Gamma Delta T-Cell Based Cancer Immunotherapy: Past-Present-Future

gamma delta T-cells directly recognize and kill transformed cells independently of HLA-antigen presentation, which makes them a highly promising effector cell compartment for cancer immunotherapy. Novel gamma delta T-cell-based immunotherapies, primarily focusing on the two major gamma delta T-cell subtypes that infiltrate tumors (i.e. V delta 1 and V delta 2), are being developed. The V delta 1 T-cell subset is enriched in tissues and contains both effector T-cells as well as regulatory T-cells with tumor-promoting potential.
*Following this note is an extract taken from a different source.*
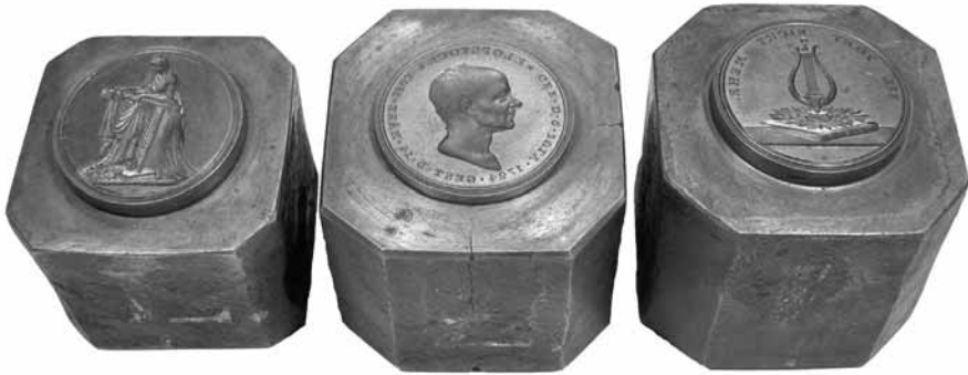
Fig. 7: De tre bevarede stempler. Nationalmuseet, Den kgl. Mønt- og Medaillesamling.

mærksomme på, at der af begge medalje kan være foretaget prægninger i flere forskellige omgange – eventuelt med adskillige års mellemrum.
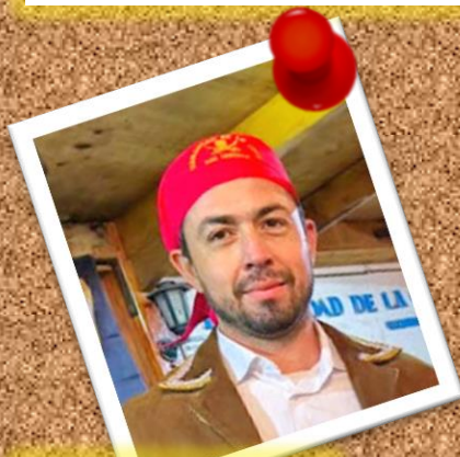
MOTA 22 de diciembre

V delta 2 T-cells, in contrast, are enriched in circulation and consist of a large, relatively homogeneous, pro-inflammatory effector T-cell subset. Healthy individuals typically harbor in the order of 50-500 million V gamma 9V delta 2 T-cells in the peripheral blood alone (1-10% of the total CD3(+) T-cell population), which can rapidly expand upon stimulation. The V gamma 9V delta 2 T-cell receptor senses intracellular phosphorylated metabolites, which accumulate in cancer cells as a result of mevalonate pathway dysregulation or upon pharmaceutical intervention. Early clinical studies investigating the therapeutic potential of V gamma 9V delta 2 T-cells were based on either ex vivo expansion and adoptive transfer or their systemic activation with aminobisphosphonates or synthetic phosphoantigens, either alone or combined with low dose IL-2. Immune-related adverse events (irAE) were generally \mild, but the clinical efficacy of these approaches provided overall limited benefit. In recent years, critical advances have renewed the excitement for the potential of V gamma 9V delta 2 T-cells in cancer immunotherapy. Here, we review gamma delta T-cell-based therapeutic strategies and discuss the prospects of those currently evaluated in clinical studies in cancer patients as well as future therapies that might arise from current promising pre-clinical results.